Le président Moustapha Niasse qui a suivi le dossier RDC depuis de longues années pour le compte de l’ONU a jeté un éclairage fort utile aux membres de l’APF. Et a exhorté tous les protagonistes à agir pour renouer le fil du dialogue pour sortir ce pays de l’impasse. De son point de vue, seul un dialogue inclusif et approfondi pourra ramener le calme et la paix et permettre l’organisation d’élections libres et transparentes.

Dans son intervention, le président Aubin Minaku a attiré l’attention sur le gigantisme de son pays et le nombre record d’électeurs(plus de 40 millions recensés) et, surtout la volonté du régime d’organiser le scrutin présidentiel le 23 décembre 2018. Le président Niasse a préconisé la lucidité dans l’examen de la situation spécifique de ce pays-continent et a encouragé l’APF à lui apporter tout son soutien pour sortir de la crise.

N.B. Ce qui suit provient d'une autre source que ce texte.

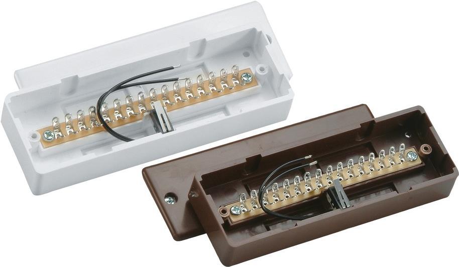 Der Aufputz-Lötverteiler ist durch einen Abdeckkontakt gegen Manipulationen geschützt. Der Verteiler ist aus schlagfestem Kunststoff gefertigt. Die Lötkontakte sind verzinnt und somit rostfrei. Der Aufputz-Lötverteiler ist VdS-zertifiziert.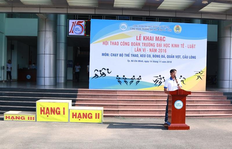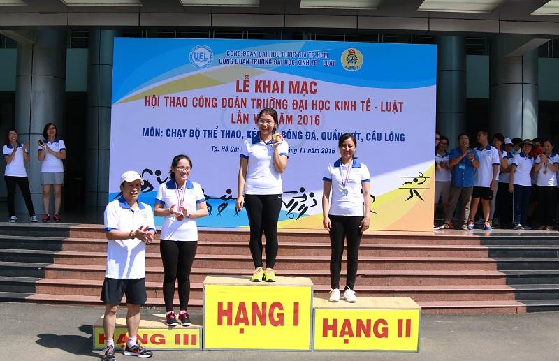 Công đoàn trường Đại học Kinh tế - Luật vừa tổ chức Hội thao toàn trường lần thứ VI năm 2016 nhằm chào mừng 16 năm Ngày truyền thống Trường 06/11, ngày Nhà giáo Việt Nam 20/11 và tiếp tục đẩy mạnh phong trào thể dục thể thao, nâng cao thể chất cho tập thể cán bộ, viên chức, người lao động của Trường.

Il faut noter les interventions des différentes structures de l’APF et notamment celle de Mme Joséphine Diallo, présidente de l’association des secrétaires généraux des parlements francophones qui a fait le compte-rendu des activités de son association. Celle-ci joue un rôle important au sein de l’APF et ce d’autant que ses membres sont les chevilles ouvrières administratives des institutions parlementaires.

On le voit le calendrier des rencontres parisiennes de l’APF a été particulièrement chargé. Mais il a aussi permis de répondre aux invitations à déjeuner des président François de Rugy et Gérard Larcher, respectivement président du l’Assemblée nationale et du Sénat.

Ce furent des moments de détente et de célébration de l’art culinaire français. La francophonie, depuis Rabelais fait l’éloge des saveurs et des gourmandises. Une tradition que les mets des quatre continents ont beaucoup enrichi.

La gastronomie francophone est aussi un patrimoine à protéger et à goûter. Avec modération.